Rob: after years of experience with Object Oriented Software Development with UML, several development processes and project approaches as developer, architect, trainer and project leader, Rob worked on his first XP project in 2000. And with great success! He supports projects and people in the application of agile practices, principles and values since then. Rob develops himself and others continuously by visiting, organising and hosting workshops at conferences and user group meetings like SPA, XP Days, XP-NL and Agile Open.
Willem: is a Dutch eXtreme Programming pioneer. As a coach, developer and coach he guides organisations in introducing agile software development since 1999.
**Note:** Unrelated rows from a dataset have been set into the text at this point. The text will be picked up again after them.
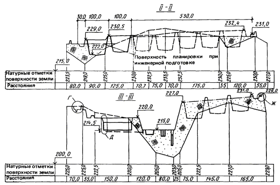 Черт. 22. Участок захоронения неутилизируемых промышленных отходов. Разрезы II-II, III-III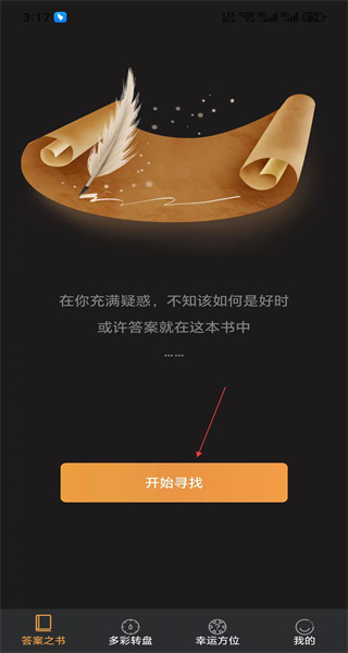 2. 来到答案之书页面,会看到提示语以及开始寻找按钮,点击此按钮,即可进入问题引导的相关界面。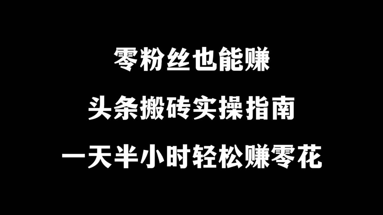 零粉丝也能赚!头条“搬砖”实操指南,一天半小时轻松赚零花,头条搬砖怎么赚钱?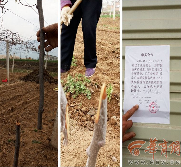 发现树遭砍后,闵师傅向当地辖区派出所报了警。在村口一商店门口,还张贴着警方的悬赏公告,其中称:2月13日在大明镇水渠村发生一起猕猴桃树被毁案,该局已对该案受理滴哦草。为尽快破案,先向广大群众征集线索,对于提供重要线索并能破案的举报人,公安机关奖励1000元,落款时间为2月17日,同时加盖有华州区公安局大明派出所的公章。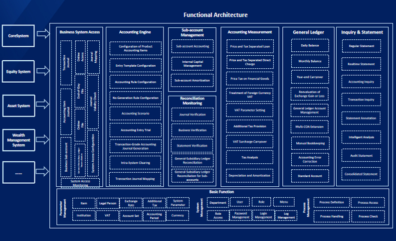 The next-generation distributed transaction-grade general ledger (including accounting engine), with its distributed, microservices architecture, satisfies the needs of business scenarios featuring high concurrency, high data volume, and requiring high efficiency and flexibility, and supports billion-scale account processing and daily trading volume, By supporting open source middleware and distributed databases, the solution meets the bank’s needs for independent and controllable key core application systems.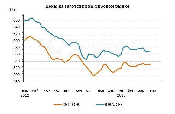 Во второй половине марта были вынуждены отказаться от намеченного ранее повышения корейские компании. Если в начале прошлого месяца они пытались довести стоимость заготовок до более $570 за т FOB, то в конце его они заключали сделки из расчета $570-575 за т CFR – наравне с японскими поставщиками. Продукция из СНГ еще в начале третьей декады марта могла продаваться в Индонезию по $575 за т CFR, но ближе к началу апреля экспортеры вынужденно сбросили цены до $560-565 за т CFR. А встречные предложения в их адрес приходят уже на уровне $550 за т CFR, что практически закрывает возможность поставок полуфабрикатов из черноморских портов (по крайней мере, при нынешних котировках на Ближнем Востоке).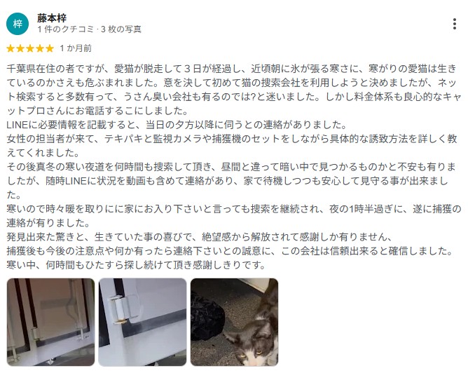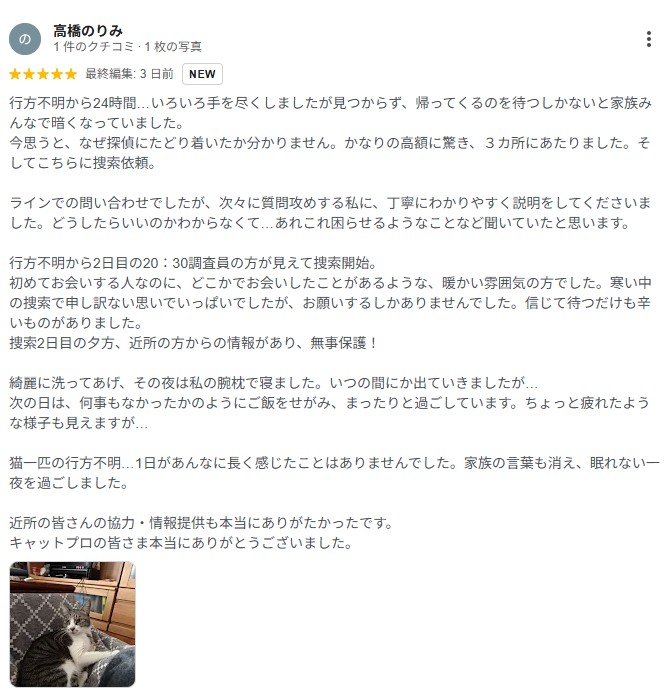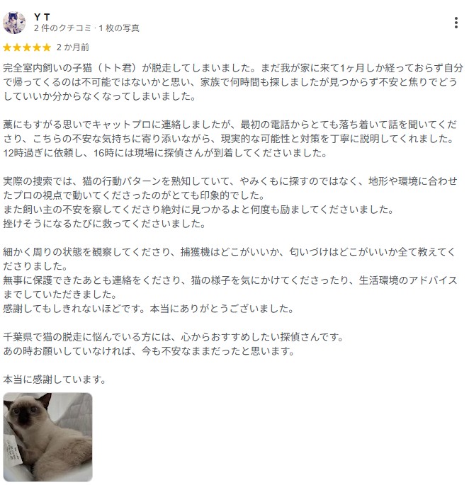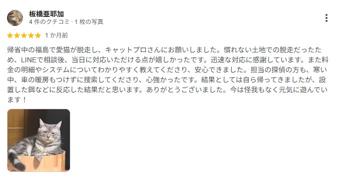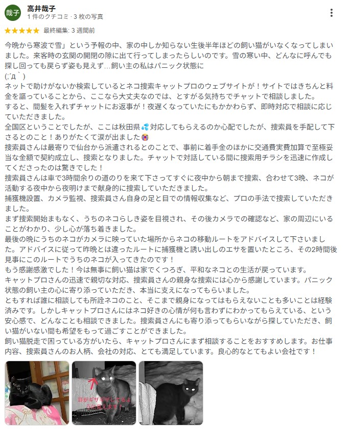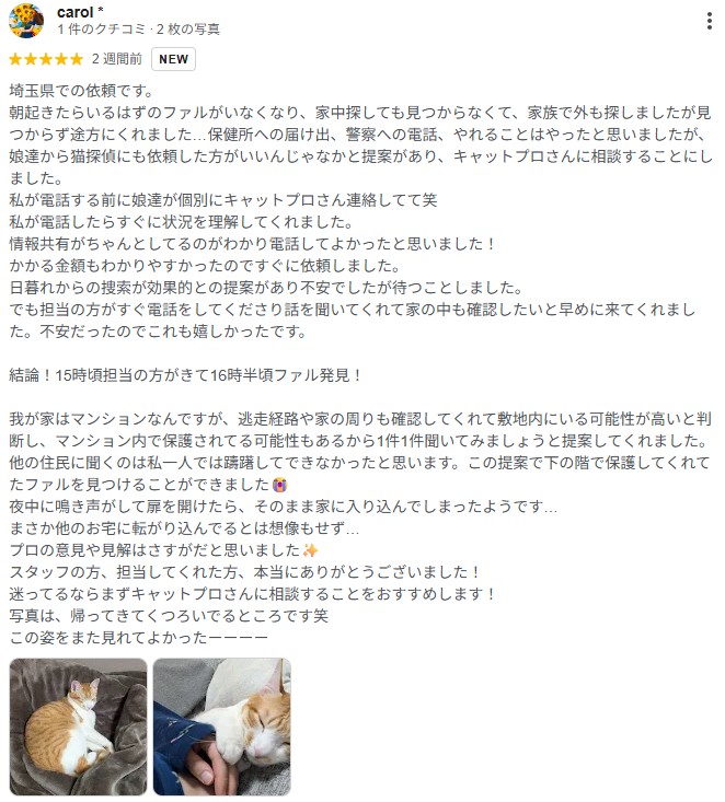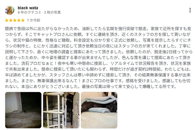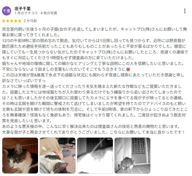 猫ちゃん捜索をご依頼いただき、

Learn to programmatically generate music with the ChucK programming language! ChucK is an easy-to-learn, versatile way to program music, intended for use by musicians with no programming knowledge and experienced programmers alike. It is particularly useful if you wish to create your own musical projects or installations. In this workshop, I'll walk through the basics of ChucK, and participants will learn to program their own musical pieces.
Bonnie Eisenman is a software engineer at Codecademy. She recently graduated from Princeton with an engineering degree in Computer Science. Besides her work at Codecademy, she also works on side projects involving Arduinos and electronic music.
In this laid-back workshop, we're going to make art! Or more precisely, we're going to make computer programs that are going to make art for us.
Intricate patterns are going to emerge on our shared virtual canvas, as the rules of our little automatons combine to form some emergent behavior that nobody expected. We'll even incorporate stimuli from the real world to make our installation interactive. So grab a drink and a laptop, sling some JavaScript, and be part of this creative event that is bound to win several awards!(*)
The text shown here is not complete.